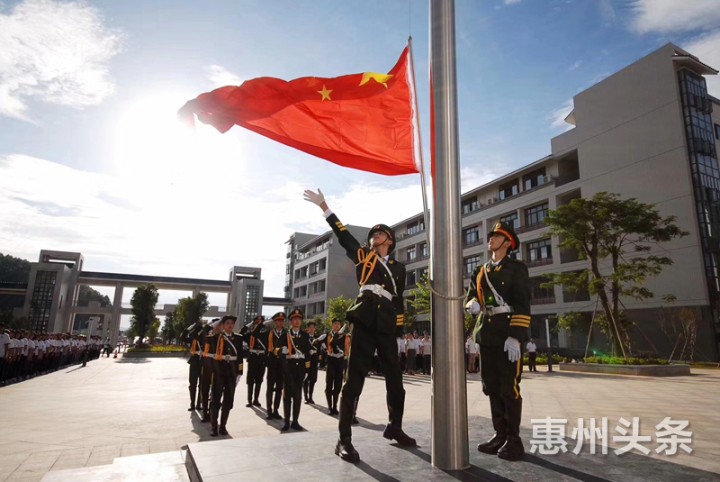 ▲博师高级中学在新校区举行升旗仪式。
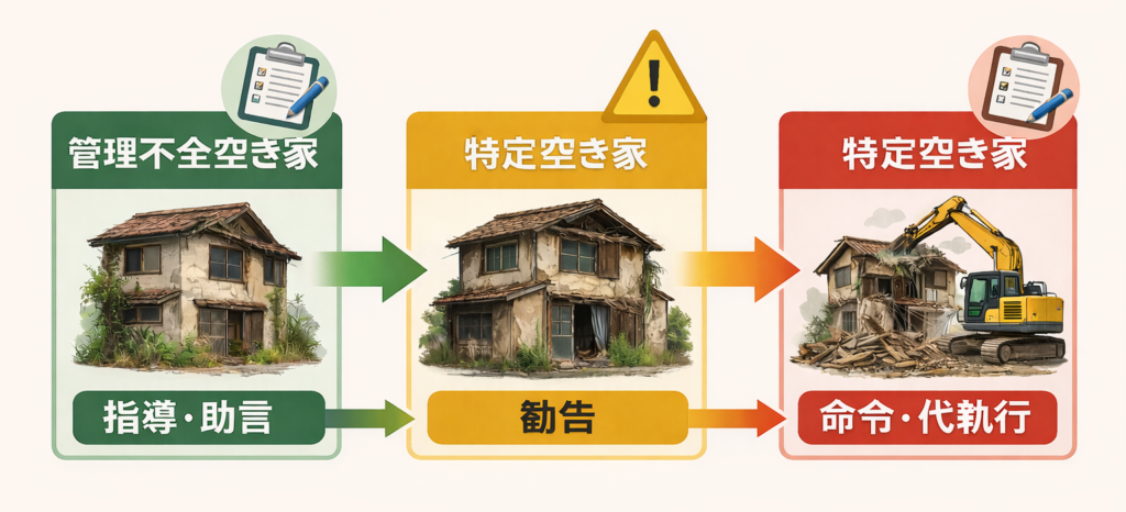 管理不全空き家“予備軍”特定空き家“重症”と考えると理解しやすいです。
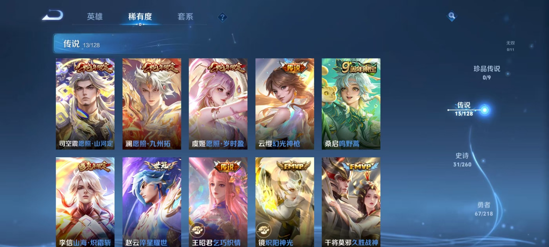 - [12297428]V8 2典藏 1珍品传说 25传说 123英雄 283皮肤 可修改实名 优质装备:鸣剑·曳影,星域神启(倪克斯贼亮),朽木白哉,黄金射手座,云鹰飞将(小将军),炽阳神光,一念神魔,末日机甲-孙尚香(绿蚂蚱),仲夏夜之梦(大飞蛾),零号·赤焰,地狱之眼,无双飞将,记忆之芯(机甲兔),电玩·雷克斯,澜逐花归海,涂山容容 传说皮:典韦战鼓燎原,祥瑞亨通 珍宝阁皮:妄想食味,万物之道 限定皮:愿照·九州拓(澜年限),愿照·福禄聚(蔡文姬年限),愿照·岁时盈(虞姬年限),愿照·山河定(司空震年限),愿照·众生和(妲己年限),愿照·千秋盛(女娲年限),逐霄战戟,陌上桑,鸣野蒿,至尊宝,傲雪梅枪,诗剑行,齐天大圣,五谷丰年,李小龙,孙行者,深海之息(深海大菠萝) 史诗皮:鸭鸭历险记-刘禅,器灵·浮梦炉,狼魂孤将,绮世丹青,瑰影绮梦,化蝶舞,灵蛊蚀心,谪仙醉月,龙之律动,雪豹·霜爪,百相守梦-周瑜,茶境仙,炽弈燎原,破空之剑,蒙犽顽岩魄,埋骨钱,琥珀纪元伽罗,蔬乡物语(鲁班七号),超元猎域,星界特工,百相守梦-黄忠,紫霞仙子,白龙吟,黄金分割率,特工魅影,江河有灵,百解令(蒙犽),高渐离燃音魔法,青蛇,偶像歌手,晚萤,猫狗日记-孙策,乱世虎臣,节奏热浪,摇滚巨星,水果甜心,星夜王子,功夫厨神,德古拉伯爵,暗隐猎兽者,幽灵船长,鬼剑武藏,暗渊魔法,天秀·启明,舞动绿茵,地狱岩魂,诗语江南,纤云弄巧,拒霜思,逐浪之夏,水晶猎龙者,曙光守护者,箭羽风息,金属风暴,原初追逐者,圣诞狂欢,圣诞恋歌,鹰眼统帅,暗夜贵公子,赏金猎手,未来纪元-赵云
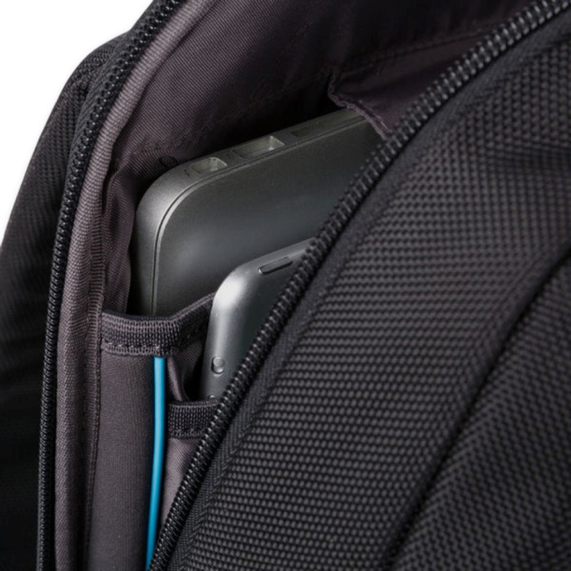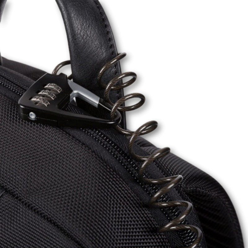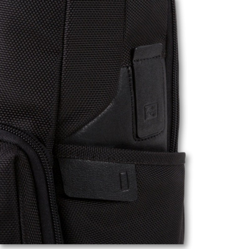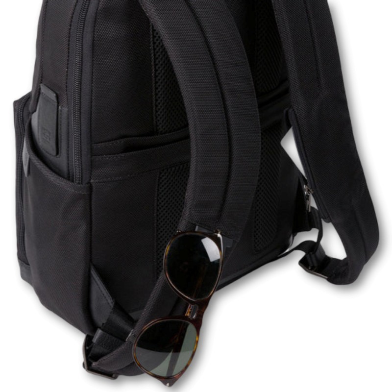Backpack for 14" laptop and iPad® in recycled fabric and leather with CONNEQU, anti-theft cable, USB and USB Type C ports
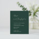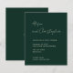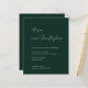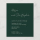This modern green wedding invitation features elegant handwritten script paired with clean, structured typography — perfect for black-tie, evening, hotel, or winter weddings.
::::::
▶ What is expected: What is needed is an exact transcription of every entry, minus the pictures.

▶ Answer for the task:
 ▲博师高级中学在新校区举行升旗仪式。
 管理不全空き家“予備軍”特定空き家“重症”と考えると理解しやすいです。
 - [12297428]V8 2典藏 1珍品传说 25传说 123英雄 283皮肤 可修改实名 优质装备:鸣剑·曳影,星域神启(倪克斯贼亮),朽木白哉,黄金射手座,云鹰飞将(小将军),炽阳神光,一念神魔,末日机甲-孙尚香(绿蚂蚱),仲夏夜之梦(大飞蛾),零号·赤焰,地狱之眼,无双飞将,记忆之芯(机甲兔),电玩·雷克斯,澜逐花归海,涂山容容 传说皮:典韦战鼓燎原,祥瑞亨通 珍宝阁皮:妄想食味,万物之道 限定皮:愿照·九州拓(澜年限),愿照·福禄聚(蔡文姬年限),愿照·岁时盈(虞姬年限),愿照·山河定(司空震年限),愿照·众生和(妲己年限),愿照·千秋盛(女娲年限),逐霄战戟,陌上桑,鸣野蒿,至尊宝,傲雪梅枪,诗剑行,齐天大圣,五谷丰年,李小龙,孙行者,深海之息(深海大菠萝) 史诗皮:鸭鸭历险记-刘禅,器灵·浮梦炉,狼魂孤将,绮世丹青,瑰影绮梦,化蝶舞,灵蛊蚀心,谪仙醉月,龙之律动,雪豹·霜爪,百相守梦-周瑜,茶境仙,炽弈燎原,破空之剑,蒙犽顽岩魄,埋骨钱,琥珀纪元伽罗,蔬乡物语(鲁班七号),超元猎域,星界特工,百相守梦-黄忠,紫霞仙子,白龙吟,黄金分割率,特工魅影,江河有灵,百解令(蒙犽),高渐离燃音魔法,青蛇,偶像歌手,晚萤,猫狗日记-孙策,乱世虎臣,节奏热浪,摇滚巨星,水果甜心,星夜王子,功夫厨神,德古拉伯爵,暗隐猎兽者,幽灵船长,鬼剑武藏,暗渊魔法,天秀·启明,舞动绿茵,地狱岩魂,诗语江南,纤云弄巧,拒霜思,逐浪之夏,水晶猎龙者,曙光守护者,箭羽风息,金属风暴,原初追逐者,圣诞狂欢,圣诞恋歌,鹰眼统帅,暗夜贵公子,赏金猎手,未来纪元-赵云
Backpack for 14" laptop and iPad® in recycled fabric and leather with CONNEQU, anti-theft cable, USB and USB Type C ports
This modern green wedding invitation features elegant handwritten script paired with clean, structured typography — perfect for black-tie, evening, hotel, or winter weddings.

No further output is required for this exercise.